*GIVEN INFORMATION:*
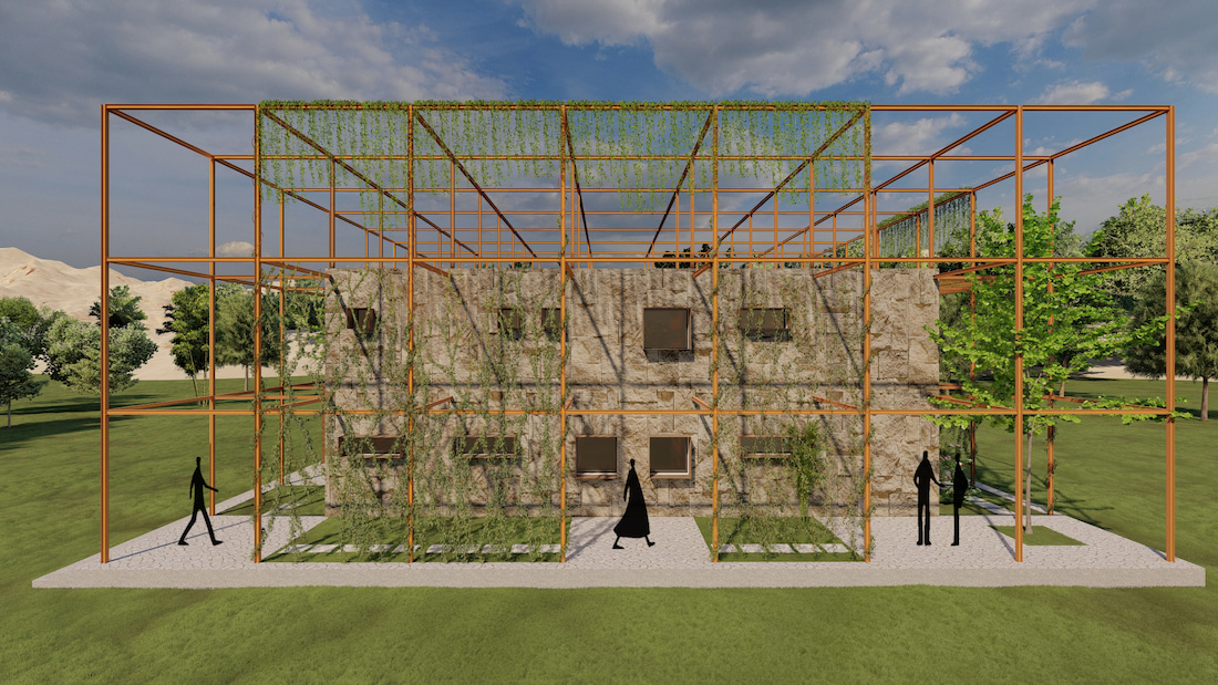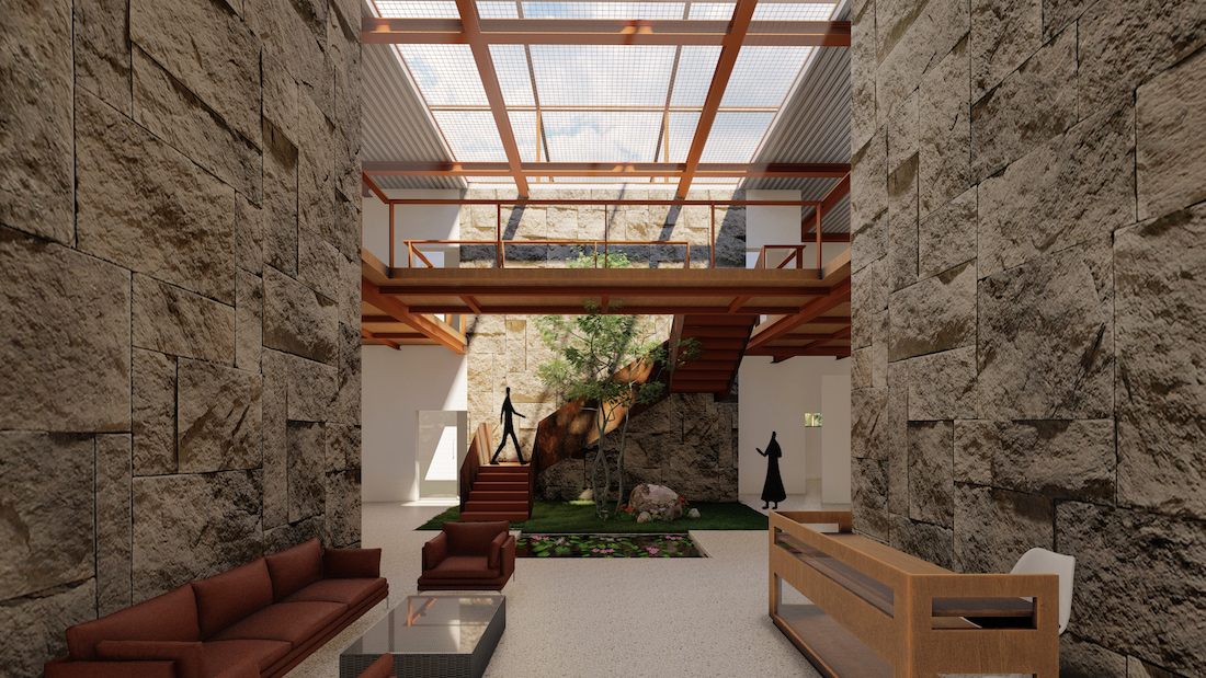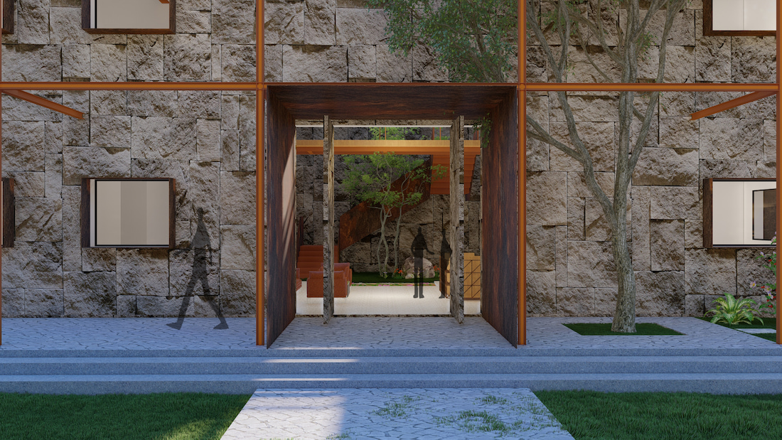 Located on the outskirts of Bellary, the upcoming NB Infrastructure Corporate Office is a climate-responsive workspace designed for a transport and infrastructure company. Inspired by the contextual architecture of Hampi, the building adopts a monolithic expression through random stone masonry façades and minimal openings, reducing heat gain while creating a strong visual identity.
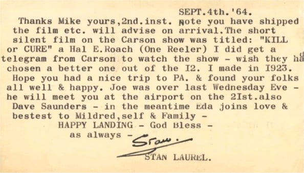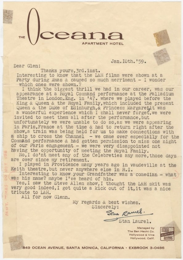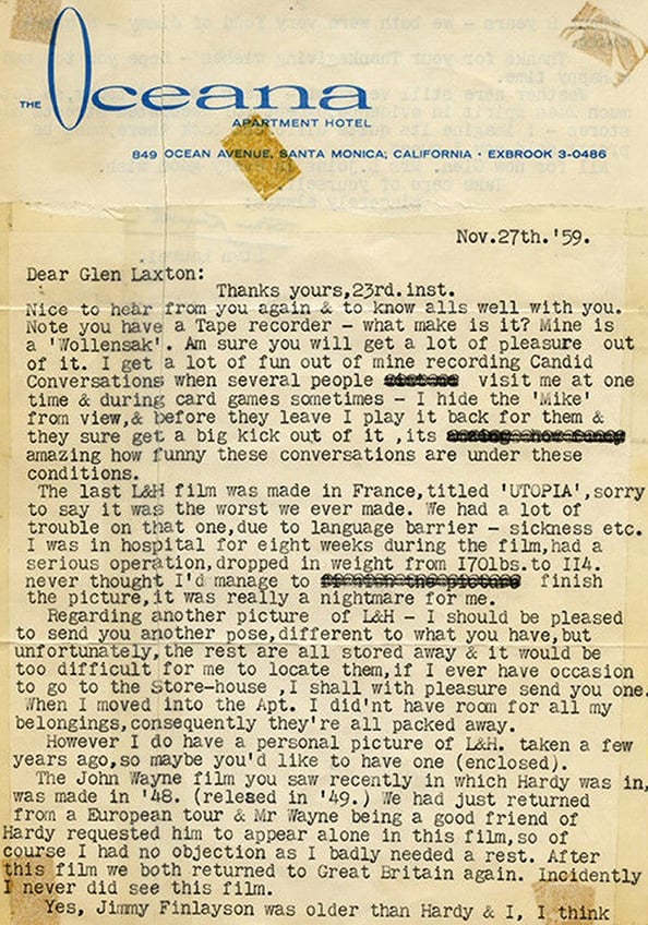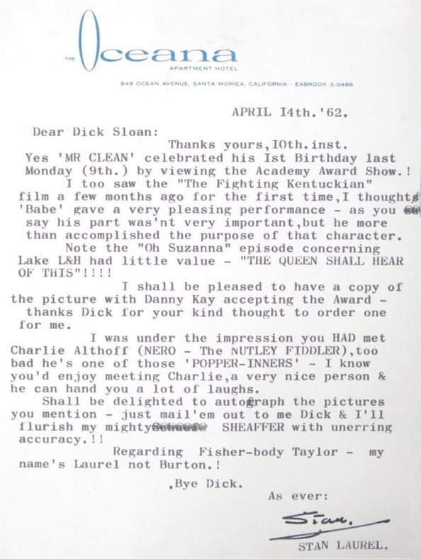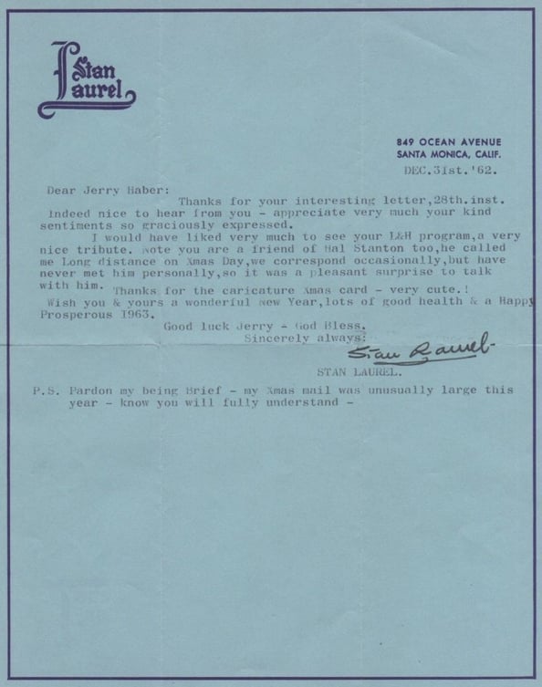 Throughout his career and retirement Stan Laurel personally replied to thousands of items of fan mail, here is a small selection of those letters. For a more please visit www.lettersfromstan.com
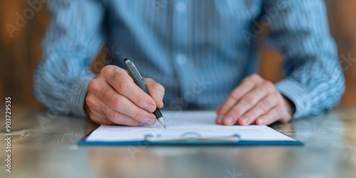 close-up of a man's hand signing a document with a pen on a clipboard - agreement, contract, business, office, desk, signature, hand, pen, paper, docu
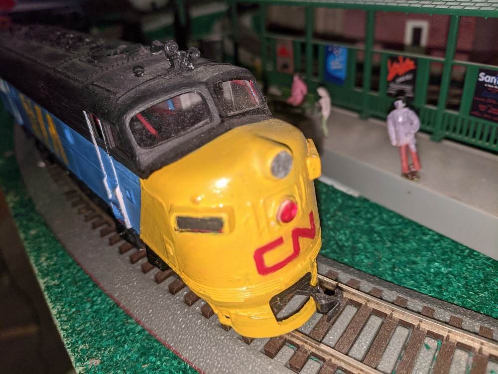 Beautifully hand painted F unit from the Anderson Paint Shops. By any definition, this is folk art, and supremely well done.

*THE PROBLEM:* In transcribing the listing, keep each word as it is and drop the pictures.

*EXERCISE OUTPUT:*
 Located on the outskirts of Bellary, the upcoming NB Infrastructure Corporate Office is a climate-responsive workspace designed for a transport and infrastructure company. Inspired by the contextual architecture of Hampi, the building adopts a monolithic expression through random stone masonry façades and minimal openings, reducing heat gain while creating a strong visual identity.
 Throughout his career and retirement Stan Laurel personally replied to thousands of items of fan mail, here is a small selection of those letters. For a more please visit www.lettersfromstan.com
 close-up of a man's hand signing a document with a pen on a clipboard - agreement, contract, business, office, desk, signature, hand, pen, paper, docu
 Beautifully hand painted F unit from the Anderson Paint Shops. By any definition, this is folk art, and supremely well done.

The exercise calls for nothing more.